Ao chegar aos olivais, o pequeno encontrou o filho de outra colhedeira - um garoto que se exibia com um escudo e uma espada de pau.

Os dois se observaram à distância. Cada um se manteve junto à sua mãe, sem saber como se libertar dela. Vigiavam-se. Era preciso coragem para se acercar. Mas meninos são assim: se há abismos, inventam pontes.

De súbito, estavam frente a frente. Puseram-se a conversar, embora um e outro continuassem na sua. Logo esse já sabia o nome daquele: o menino recém-chegado se chamava Alonso; o outro, Sancho.

Começaram a se misturar:

- Deixa eu brincar com seu cavalo?, pediu Sancho.

- Só se você me emprestar sua espada, respondeu Alonso.

Iam se entendendo, apesar de assustados com a felicidade da nova companhia.

Avançaram na entrega:

- Tá vendo aquele moinho gigante?, apontou Alonso. Meu pai sozinho é que faz ele girar.

- Seu pai deve ter braços enormes, disse Sancho.

- Tem! Mas nem precisava, respondeu Alonso. Ele move o moinho com um sopro.

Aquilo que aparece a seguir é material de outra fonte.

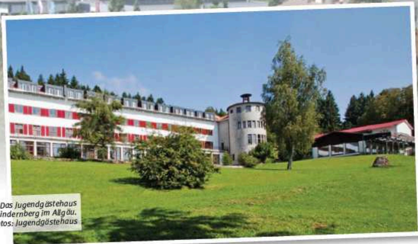
Das Jugendgästehaus Lindenberg im Allgäu.

Probewochenenden sind ein bewährtes Mittel, um einen Chor auf einen Auftritt vorzubereiten und gleichzeitig die Chorgemeinschaft zu stärken. In dieser Serie stellen wir Lokallitäten vor, die von Chören unseres Verbands genutzt und für geeignet befunden wurden. Sie finden die Serie immer in der Mitte des Hefts, so dass Sie die Seiten problemlos herausrennen und sammeln können. Sie können ebenfalls einen geeigneter Ort für ein Probewochenende empfehlen? Dann melden Sie sich bei der Redaktion von Baden vokal unter martin.bemhard@bcvonline.de oder 06281 564338.

Sancho achou graça. Também tinha uma proeza a contar:

- Tá vendo o castelo ali?, apontou. Meu pai disse que o dono tem tanta terra que o céu não dá para cobrir ela toda.

- E se a gente esticasse o céu como uma lona e cobrisse o que está faltando?, propôs Alonso.

- Seria legal, disse Sancho. Mas ia dar um trabalhão.

- Temos de crescer primeiro.

- Bom, enquanto a gente cresce, vamos pensar num jeito de subir até o céu! - disse Alonso.

- Vamos!, concordou Sancho.

Sentaram-se na relva. O cavalo, a espada e o escudo entre os dois. Um sopro de vento passou por eles.

Já eram amigos: moviam juntos o mesmo sonho.